MODO DE IMPUGNACIÓN: Se hace saber a las partes que contra esta sentencia cabe interponer recurso de casación para la unificación de doctrina que ha de prepararse mediante escrito presentado ante esta Sala de lo Social dentro del improrrogable plazo de diez días hábiles inmediatos siguientes a la fecha de notificación de esta sentencia.
Si el recurrente no tuviere la condición de trabajador o beneficiario del régimen público de la Seguridad Social o beneficio de asistencia jurídica gratuita, deberá consignar la cantidad de 600 euros, en concepto de depósito para recurrir, en la cuenta expediente de este Tribunal en SANTANDER Nº 1131 0000 66011520, debiendo indicar en el campo concepto, la palabra 'recurso', seguida del código '35 Social-Casación'. Si el ingreso se hace mediante transferencia bancaria deberá incluir tras la cuenta genérica proporcionada para este fin por la entidad ES55 0049 3569 9200 0500 1274, en el campo 'observaciones o concepto' en bloque los 16 dígitos de la cuenta expediente, y separado por un espacio 'recurso 35 Social-Casación'.
La Consignación en metálico del importe de la condena eventualmente impuesta deberá ingresarse en la misma cuenta. Si efectuare diversos pagos en la misma cuenta deberá especificar un ingreso por cada concepto, incluso si obedecen a otros recursos de la misma o distinta clase indicando en el campo de observaciones la fecha de la resolución recurrida utilizando el formato dd/mm/aaaa. Quedan exentos de su abono en todo caso, el Ministerio Fiscal, el Estado, las Comunidades Autónomas, las Entidades locales y los Organismos Autónomos dependientes de ellos.

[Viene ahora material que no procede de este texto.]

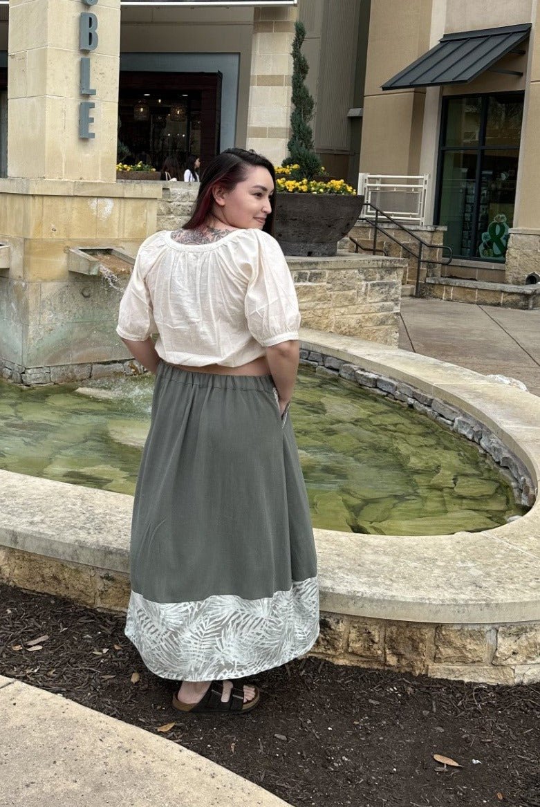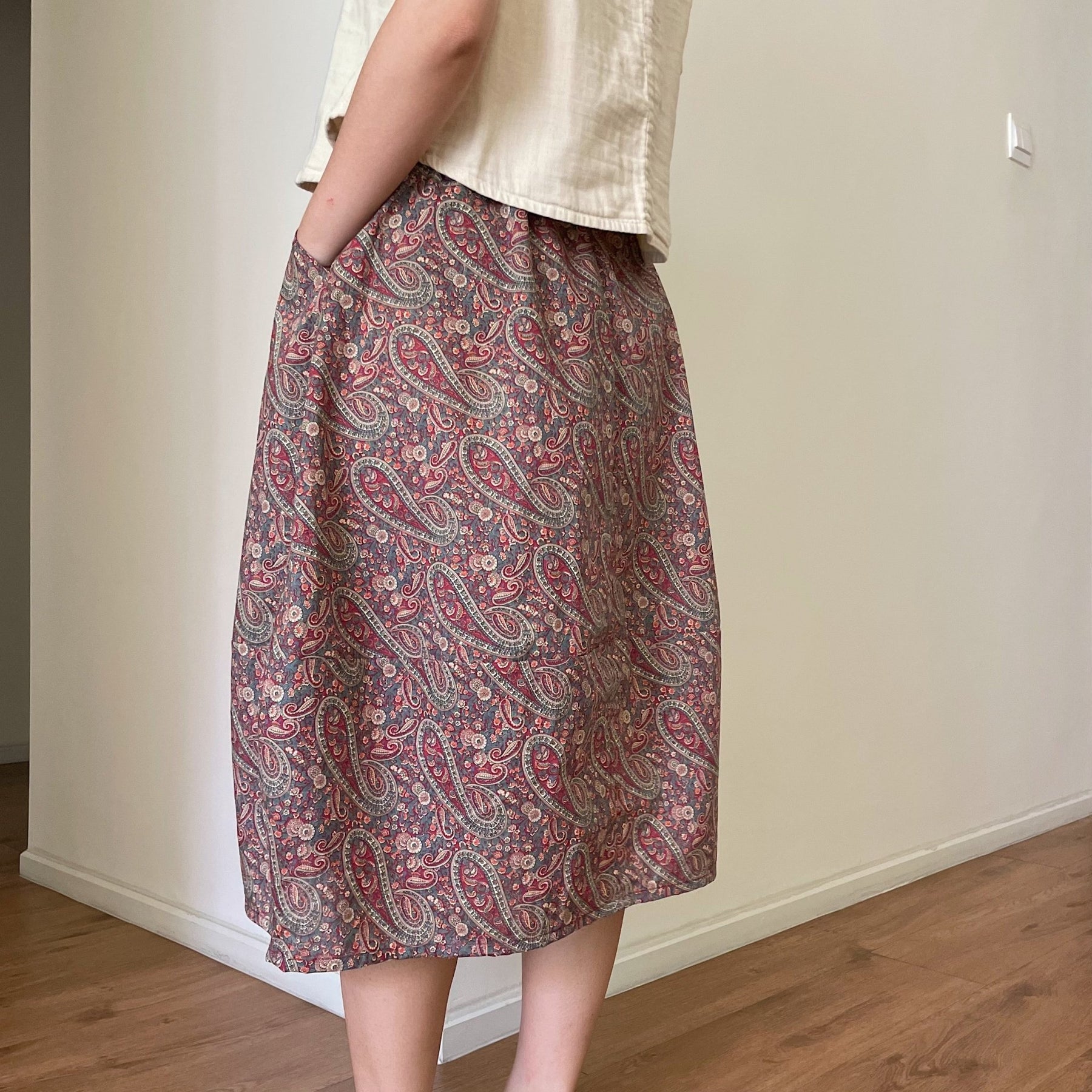 This skirt is designed to be sewn by all levels, from confident beginner to expert. The skirt features a flat front and elastic back waistband, slash pockets at the waist and a tapered lower skirt.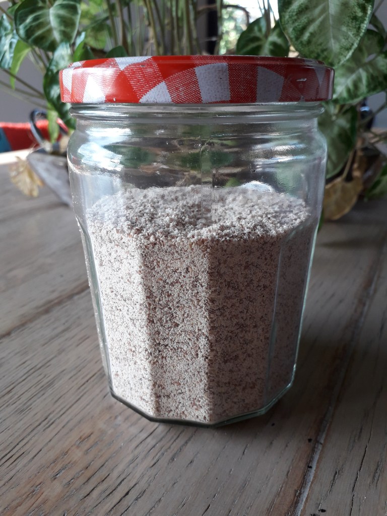 Cette farine est riche en fibres et pauvre en gras. Personnellement je ne l’utilise que séchée en farine, mais elle peut être utilisée humide, il faudra pour ce faire allez voir sur d’autres blogs car je n’ai encore jamais tenté.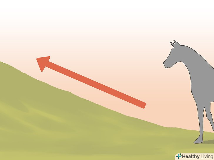 Почніть прогулюватися і бігати риссю по пагорбах. пробіжка вгору і вниз по пагорбах особливо ефективна для нарощування сідничних м'язів коня. Майте на увазі, що по пагорбах тварина може бігти в більш повільному темпі.- Не варто їздити по пагорбах зі слизьким грунтом або іншим небезпечним нестійким покриттям.
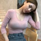 韓国風 シンプル トップス レディース 無地 長袖 tシャツ ラウンドネック カットソー 薄手 透け感 スリム カシュクール ロンTシャツ カジュアル 通勤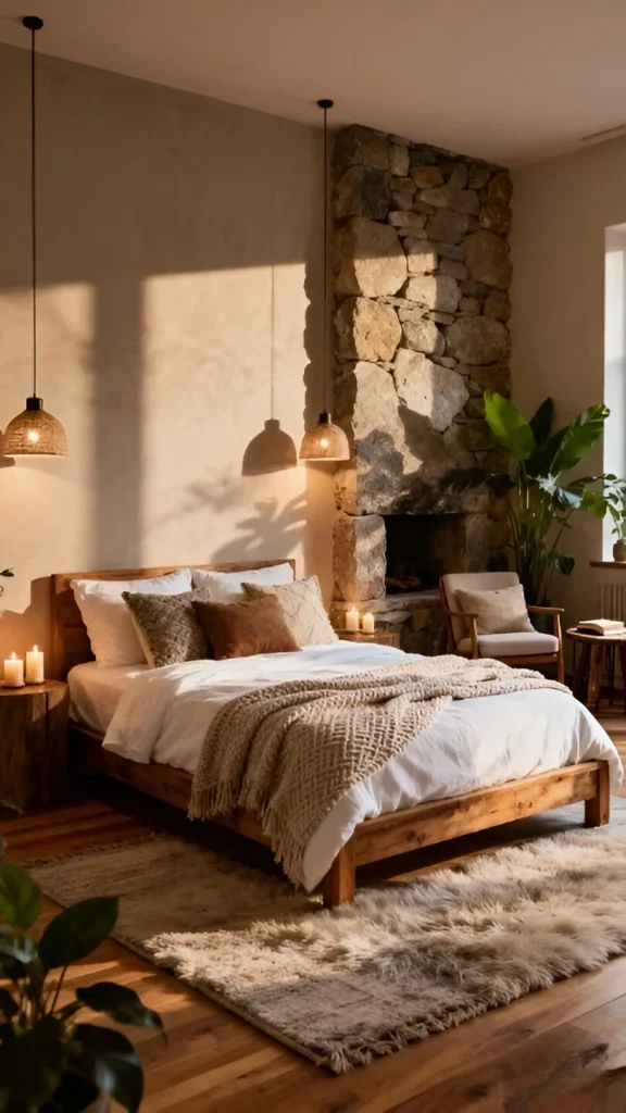 This space is pure, rustic bliss! The floor-to-ceiling stone fireplace is an incredible focal point, giving the room a natural, grounded feel. Paired with a simple wooden bed frame and multiple layers of cozy, textured throws and pillows, it’s just so inviting. The warm sunlight and the scattered candles create a wonderful, peaceful atmosphere. Imagine snuggling up here on a crisp autumn morning!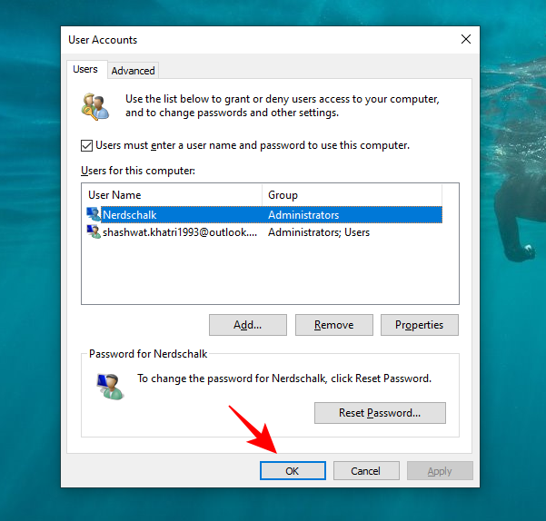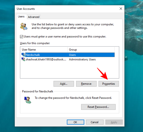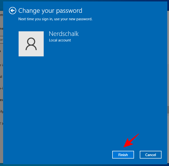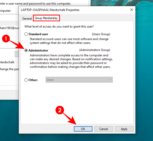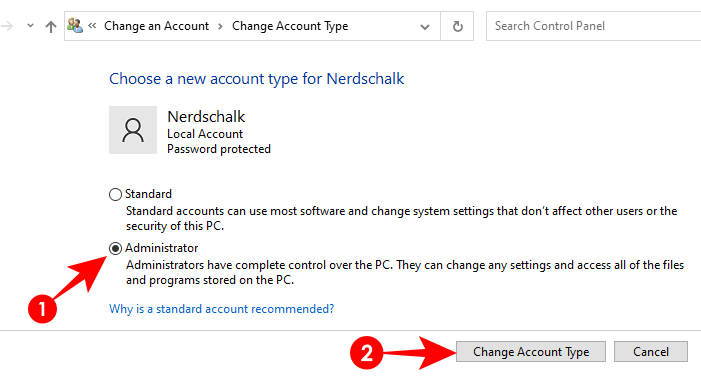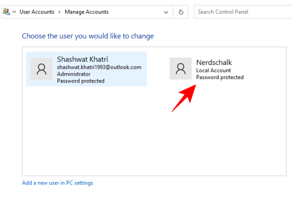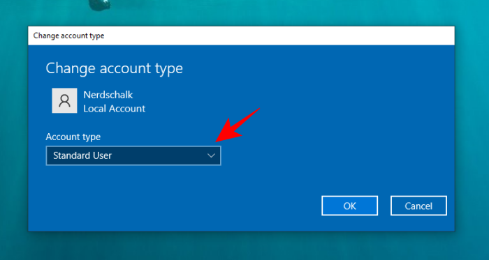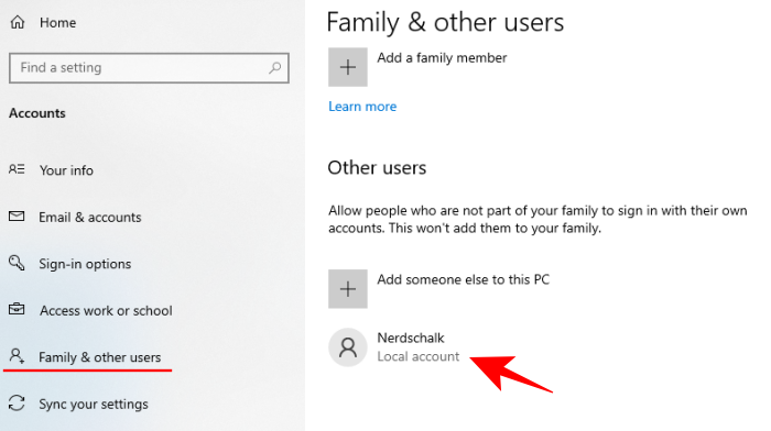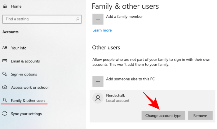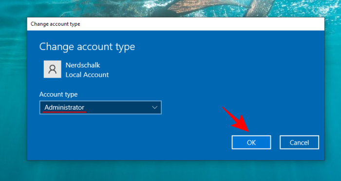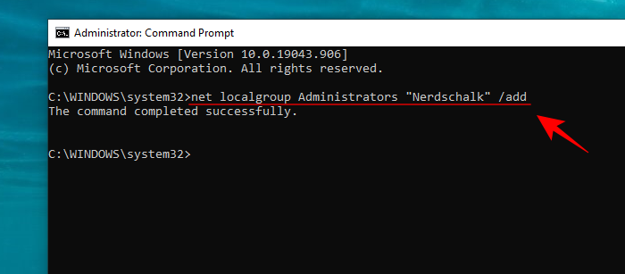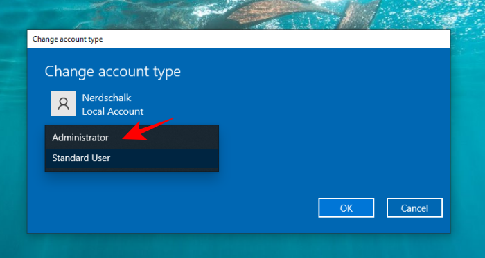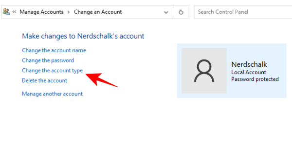 您可以继续使用前面提到的任何方法(通过 cmd、PowerShell、控制面板、设置或 netplwiz)为您的标准帐户(在我们的示例中为 Nerdschalk)授予完整的管理员权限和特权。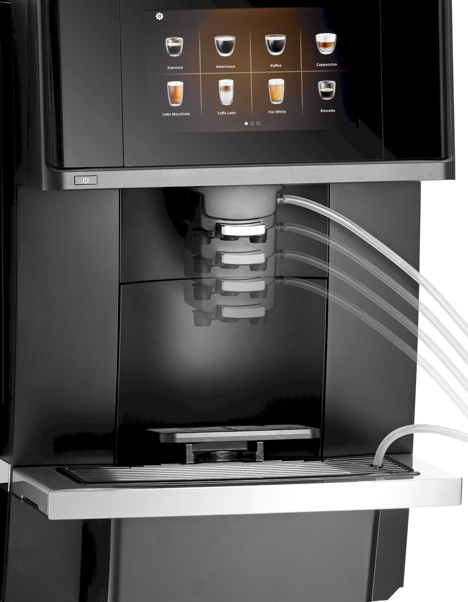 Kávovar pro 80 šálků denně, výkon max. 40 šálků á 120 ml / hod. Výškově nastavitelný výtok 110 - 165 mm. Objem zásobníku na zrna 1000g, obsah odpadní nádoby (vhodná do myčky) cca 35 šálků. Pevné připojení na vodu (pevná přípojka vody 1/2), 6 litrová odnímatelná nádoba na vodu nebo přívod vody přes externí nádobu. 7 palcový digitální ukazatel s 23 volitelnými programy, informací o údržbě, chybové hlášení, čisticí program. Uložení až 10 videí, USB připojení.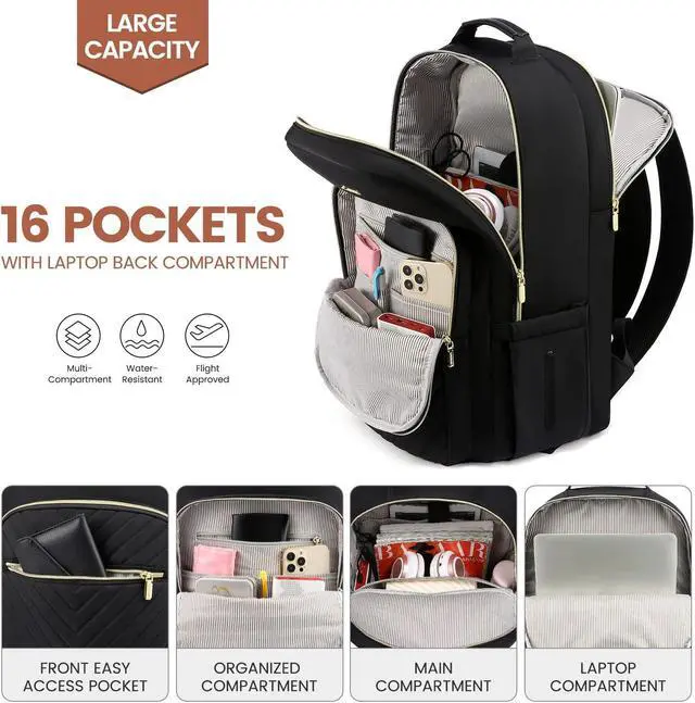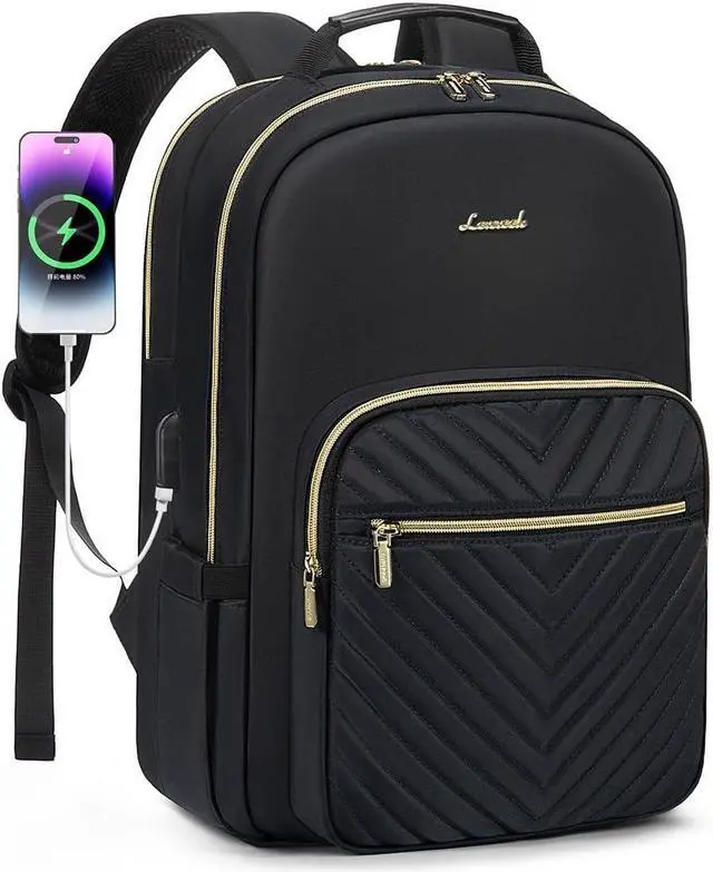 LOVEVOOK Laptop Backpack for Women 15.6 inch,Cute Womens Travel Backpack Purse,Professional Laptop Computer Bag,Waterproof Work Business College Teacher Bags Carry on Backpack with USB Port,Black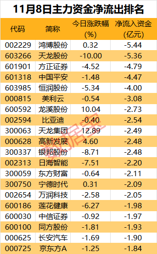 资金净流出超5亿元

Expídanse certificaciones de esta sentencia para su unión a la pieza separada o rollo de suplicación, que se archivará en este Tribunal, y a los autos principales.
Notifíquese la presente sentencia a las partes y a la Fiscalía de este Tribunal Superior de Justicia.
Una vez adquiera firmeza la presente sentencia, devuélvanse los autos originales, para su debida ejecución, al Juzgado de lo Social de su procedencia, dejando de ello debida nota en los Libros de esta Sala.
Así, por esta nuestra sentencia, lo pronunciamos, mandamos y firmamos.
PUBLICACIÓN En el día de su fecha fue publicada la anterior sentencia. Doy fe.